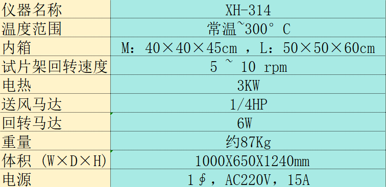原理:利用可控制的加熱系統(tǒng),使空氣由外部藉鼓風(fēng)機(jī)吸入后得以加熱成熱空氣,并藉由通風(fēng)管將熱空氣散布于工作室中,將利用過(guò)的熱空氣由儀器上方的出氣孔排出,以達(dá)到空氣循環(huán)的目的,進(jìn)而促進(jìn)試樣(試片)在熱空氣循環(huán)狀況下在一定時(shí)間后達(dá)到老化的目的(試樣物性衰退或變色等現(xiàn)象)。
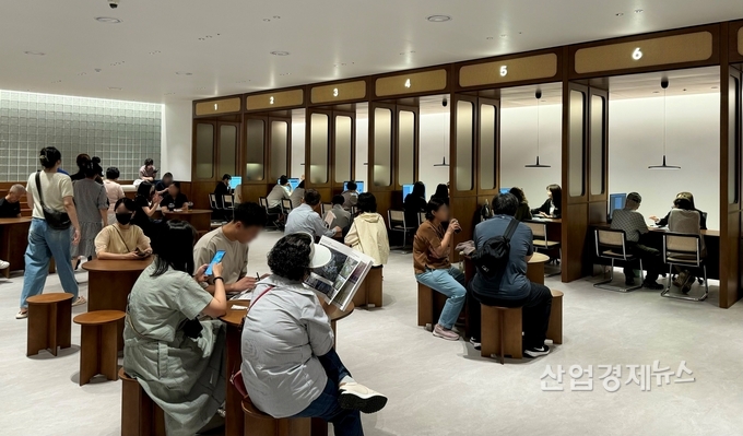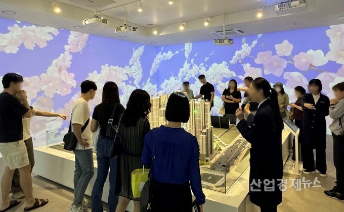 이른 아침부터 주택전시관을 찾은 방문객들이 몰려 입장 대기줄이 100m이상 이어지는 진풍경이 벌어졌다. 내부에는 단지의 입지와 상품을 살피려는 수요자들로 장사진을 이뤘다. 방문객들은 젊은 층부터 중∙장년층까지 다양했다. 대구에서 희소성 높은 더블 초역세권 입지에 대한 지역민들의 높은 관심 탓에 대구 전역에서 발길이 이어졌다. 특히 주택전시관 외부에는 떴다방(이동식 중개업소) 관계자까지 가세해 분양 열기를 짐작케 했다.
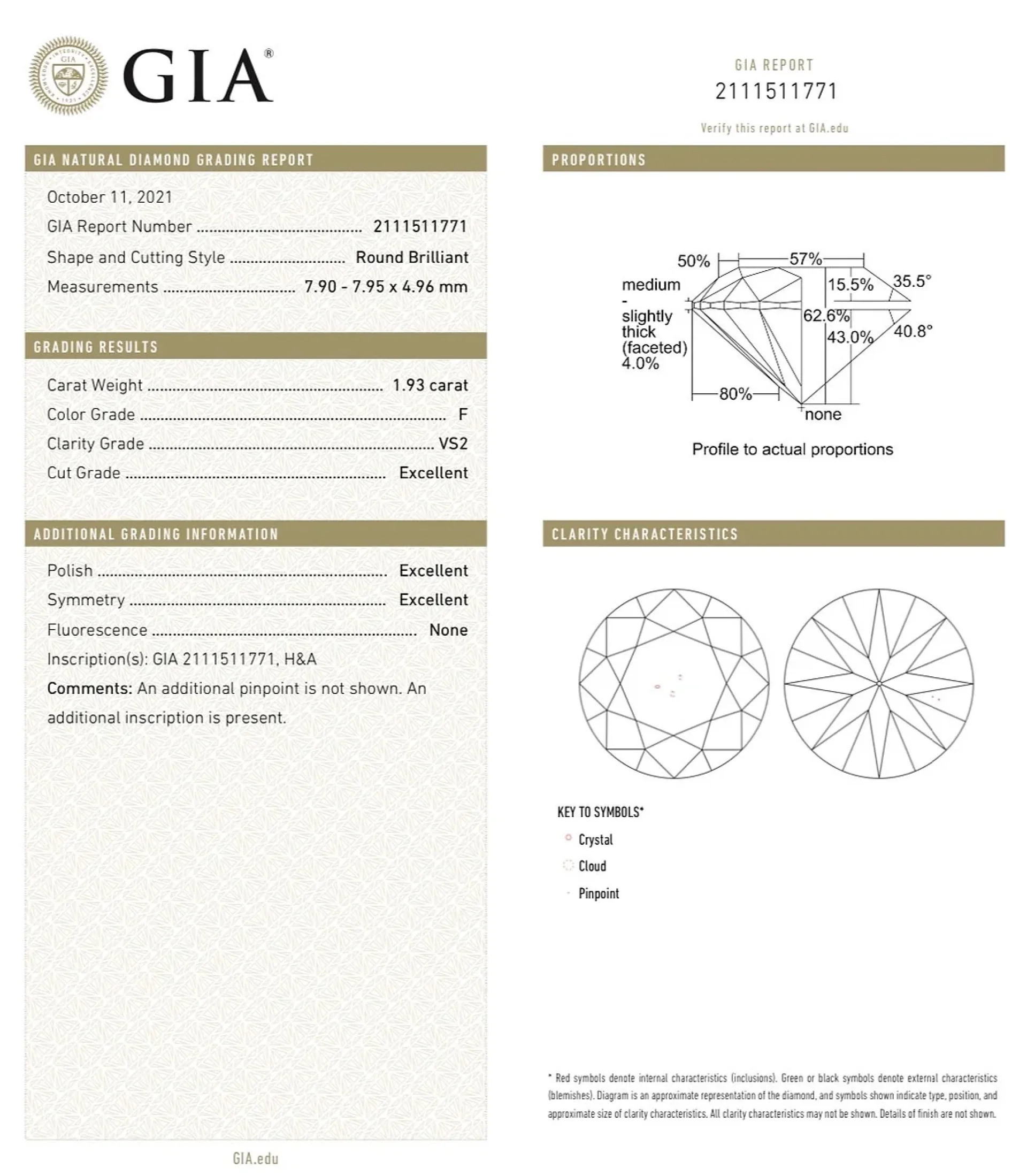 (1) 1.93 Carat, F Color, VS2, 3EX

## ACTIVITY
Output the material above exactly, without pictures.

## SOLUTION TO THIS EXERCISE
原理:利用可控制的加熱系統(tǒng),使空氣由外部藉鼓風(fēng)機(jī)吸入后得以加熱成熱空氣,并藉由通風(fēng)管將熱空氣散布于工作室中,將利用過(guò)的熱空氣由儀器上方的出氣孔排出,以達(dá)到空氣循環(huán)的目的,進(jìn)而促進(jìn)試樣(試片)在熱空氣循環(huán)狀況下在一定時(shí)間后達(dá)到老化的目的(試樣物性衰退或變色等現(xiàn)象)。
 이른 아침부터 주택전시관을 찾은 방문객들이 몰려 입장 대기줄이 100m이상 이어지는 진풍경이 벌어졌다. 내부에는 단지의 입지와 상품을 살피려는 수요자들로 장사진을 이뤘다. 방문객들은 젊은 층부터 중∙장년층까지 다양했다. 대구에서 희소성 높은 더블 초역세권 입지에 대한 지역민들의 높은 관심 탓에 대구 전역에서 발길이 이어졌다. 특히 주택전시관 외부에는 떴다방(이동식 중개업소) 관계자까지 가세해 분양 열기를 짐작케 했다.
 (1) 1.93 Carat, F Color, VS2, 3EX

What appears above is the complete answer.